DIPLOMACIA CIDADÃ
RESUMO:
Diplomacia cidadã, diplomacia da cidadania, diplomacia do cidadão, dos cidadãos, diplomacia de povo para povo, “diplomacia não governamental”, estes são conceitos recentes no universo da ciência política e das relações internacionais, a sua prática, porém, conforme ilustra o Diretor de Relações Internacionais do Instituto Comáfrica, o cientista político Salomon Blajberg, já vem de longe, relacionando-se ao surgimento do espaço público internacional nos séculos XIX e XX que adquire características transnacionais no século XXI. A História da luta antiapartheid no mundo e no Brasil mostra que na prática esta diplomacia já existe há muito tempo, porém, muitas vezes, sem troca de notas verbais, como é costumeiro na diplomacia convencional. A “política externa dos de baixo” não é uma novidade ela é a diplomacia cada vez mais verbalizada que assessora a sociedade civil “dos de baixo”, na formulação e execução da política externa como política pública. Comafrica.org está aberto na área da Diplomacia Cidadã, ou seja, a diplomacia que assessora a sociedade civil “dos de baixo” a estabelecer parcerias com outras instituições de pesquisa, ensino e demais organizações com o objetivo de reconstruir a cooperação internacional através do resgate da memória, da difusão de informação e da revitalização dos espaços públicos, criando um espaço para cooperação com a África no Rio de Janeiro.

por Salomon Blajberg*

Na década de 1980, face às despudoradas evasivas da nossa diplomacia brasileira com respeito às relações do Brasil com o Estado aparteísta da África do Sul1 parecia utópico pensar que algum dia mecanismos formais de participação da sociedade civil na elaboração, execução e acompanhamento da política externa brasileira pudessem ser criados, algo que só recentemente começa a avançar nas casas legislativas do país.

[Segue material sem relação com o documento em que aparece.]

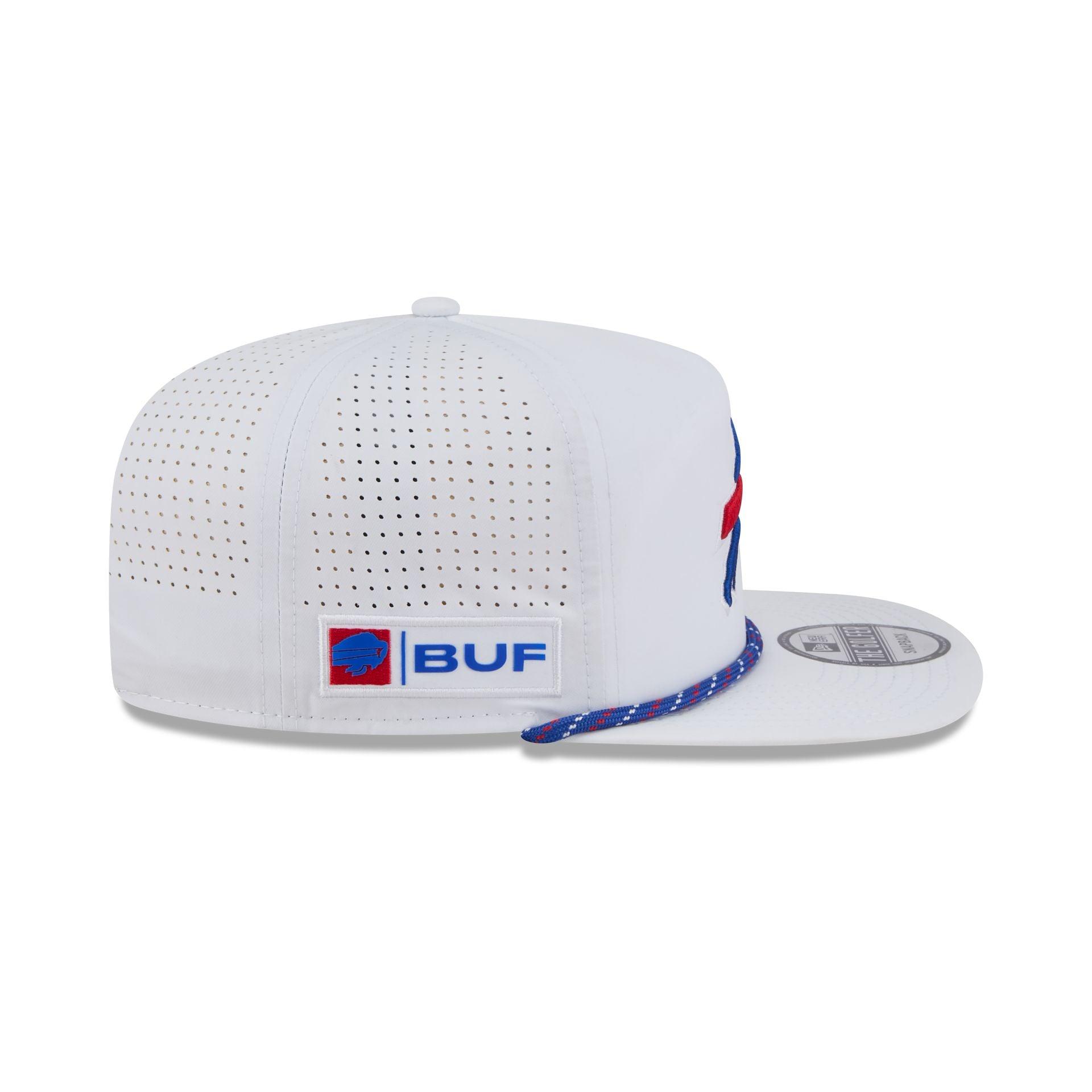 The Buffalo Bills Optic White Performance Rope Golfer features an embroidered Bills logo at the front panels with breathable performance fabric throughout the cap. Additional details include a city patch at the right-wear side, an adjustable drawstring closure at the rear, and a blue undervisor.

A primeira manifestação que houve no Brasil contra o apartheid foi em 1959 - jogadores brasileiros do clube de futebol Portuguesa Santista, que estava em trânsito pela África do Sul para ir disputar jogos em Moçambique, foram vítimas do Apartheid. O então Encarregado de Negócios da Legação Brasileira na Cidade do Cabo, Segundo-Secretário Joaquim de Almeida Serra foi provavelmente o primeiro brasileiro a se manifestar contra o Apartheid sul-africano2 e sua atitude impedindo os jogadores brancos e negros brasileiros de se submeterem ao apartheid fortaleceuo movimento contra o apartheid esportivo na própria África do Sul3 ao mesmo tempo em que por sua atitude dava ao povo brasileiro exemplar lição de como tratar o racismo nas relações internacionais. Era a época dos “anos dourados” do governo de Juscelino Kubitscheck que construía Brasília. O Brasil tinha acabado de ser campeão mundial de futebol com Pelé, Garrincha e a esperança e o patriotismo tinham lugar. Somente quase trinta anos depois o repúdio ao racismo nas relações internacionais ficaria consagrado no texto da Constituição Brasileira de 19884, que entrou para a história como a Constituição Cidadã.

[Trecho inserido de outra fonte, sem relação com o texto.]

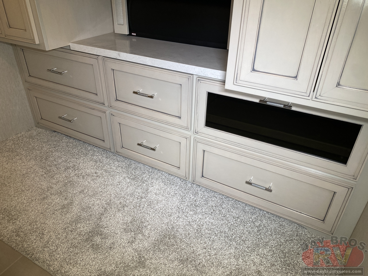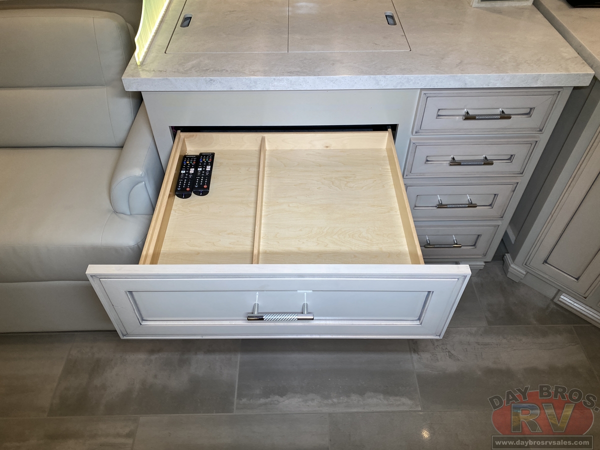 - TV Jack and 110 Volt Recept in Door Side Exterior Storage Compartment

Apesar de na história das relações do Brasil com a África do Sul aparteísta o Itamaraty5 ter agido de forma contida quando se tratava de sancionar o Apartheid, a casa nunca deixou de ter diplomatas como Joaquim de Almeida Serra6 dos quais o povo brasileiro sempre se orgulhará7.

A luta antiapartheid, que deu origem ao Comáfrica, além de ter levado a um movimento de solidariedade internacional cujo modus operandi foi o de um prelúdio a uma bem sucedida articulação internacional de movimentos sociais precursora das formas de atuação em rede dos movimentos sociais globais que procuram se afirmar no século XXI pela globalização dos povos como alternativa à globalização do capital teve também grande impacto no Brasil.

Um dos principais resultados desta luta na formulação da política externa como política pública foi o fato acima mencionado, de que foi consagrado o repúdio ao racismo entre os princípios fundamentais que regem as relações internacionais do país na Constituição da República Federativa do Brasil, promulgada em 5 de outubro de 1988.

Os processos que levaram a CMCR – Conferência Mundial contra o Racismo em 2001 em Durban, África do Sul sob a égide da ONU guardam estreita vinculação com a luta antiapartheid e são também a continuidade de todo um processo de diplomacia cidadã e de mobilização não-governamental – “política externa dos de baixo” que vem desde o século XIX, tendo suas raízes nos movimentos abolicionistas, pan-africanistas, pelo fim do colonialismo, pelos direitos civis e contra o racismo e a intolerância.

A Diplomacia Cidadã, ou seja, a diplomacia que assessora a sociedade civil “dos de baixo”8, na formulação e execução da política externa como política pública – a Política Externa “dos de baixo”, portanto, não é uma novidade.
No Brasil, aos exemplos citados na página inicial do sítio www.comafrica.org9, como os da entrada do Brasil na II Guerra Mundial, da campanha do petróleo e nosso e da luta antiapartheid soma-se na década dos 90 a diplomacia cidadã da luta contra o racismo em escala pan-americana e com seu conseqüente desdobramento internacional.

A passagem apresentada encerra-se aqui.